Dumarest weaved, slowly, edging forward, knife a gleaming sliver in his hand. It turned so as to catch and reflect the light, to catch the eye and to narrow the concentration. Tricks Zucco must know but even so his head moved as he followed the blade. Moved then steadied as Dumarest lunged in a feint, drew back, lunged again, the blade in his hand sweeping up and forward in a thrust which would have opened the other's abdomen had it struck home.

A gamble lost and he felt the lack of resistance, following the lunge with a blur of speed as Zucco struck in turn.

Again the crowd roared at the sight of blood.

"Fast," said Zucco. "The fastest I have ever met. Slower and you would be screaming from the pain of a severed kidney."

Instead the blade had struck low to bathe Dumarest's thigh with a carmine flood.

A wound far less serious than it looked but he played up to it, limping, nursing the leg as he faced the other man, who now seemed too reluctant to attack and, suddenly, Dumarest knew the reason why.

"So you've guessed." Zucco edged forward, losing his smile. "Not that it will do you any good. In fact it will add spice to the combat. To know that you are without a defense. That your skill is useless and it is only a matter of time before you are reduced to a whimpering parody of a man. Here, in this arena, you've met your master."

A telepath.

Zucco's special skill which Shakira had mentioned. A man who could read thought and intention and act before they had been turned into movement. A fighter against whom there could be no calculated defense.

Dumarest inched forward, accelerated into a lunge, darted to one side, feinted again, heard the clash of metal and felt the burn of steel. A cut on his upper arm, shallow, harmless, but a demonstration of Zucco's power. Another followed, the point aimed at an eye missing to nick an ear, Zucco following the blow to cut again as Dumarest turned.

"Soon," he promised. "Then the game will be over. I shall cut deep and hard-try to guess where and when."

Thoughts Zucco could read and so direct his attack. A man facing a threat could avoid it in only so many ways but before action there had to be thought and Zucco would know the decision. As he would be able to anticipate the nature of any offensive.

"Come," he urged. "Why delay? The crowd are for you. They want you to win. Don't disappoint them. Even a whining coward would have the guts to try."

Taunts followed by others all of which Dumarest ignored. An old trick aimed at blinding him with rage but he had met it too often for it to have effect.
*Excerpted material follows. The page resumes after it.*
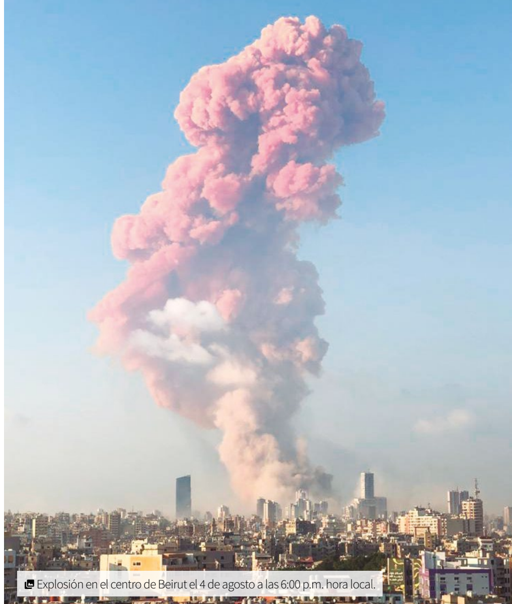
Explosión en el centro de Beirut el 4 de agosto a las 6:00 p.m. hora local.

Su iglesia tiene gran valor histórico, fue construida en 1890 y está situada en un lugar muy simbólico porque limita con barrios no cristianos. “Somos una especie de puerta de entrada al barrio cristiano”, dice contento. Ahora la iglesia de San Salvador necesita un nuevo techo y arreglar una gran grieta para que la estructura no se venga abajo.

Why did Zucco want him to attack?

"Come," he said again. "It's time you made up your mind."

Time?

Time!

Dumarest stooped, snatched up a handful of sand, flung it at the other's face as he darted forward. A blinding shower rendered harmless as Zucco moved aside. Moving again as Dumarest followed the grit with a handful of blood. Then he was within reach, his knife a shimmering blur, cutting, slashing, a thin, high ringing filling the air as the blades clashed, parting to strike again in a fury of action.

Action too fast for thought, born of the reactive instinct honed by numberless combats and augmented by Dumarest's natural speed. The speed was too fast for Zucco to follow and he backed across the ring toward the tunnel where Valaban stood, Reiza at his side, Shakira a shadowy figure behind.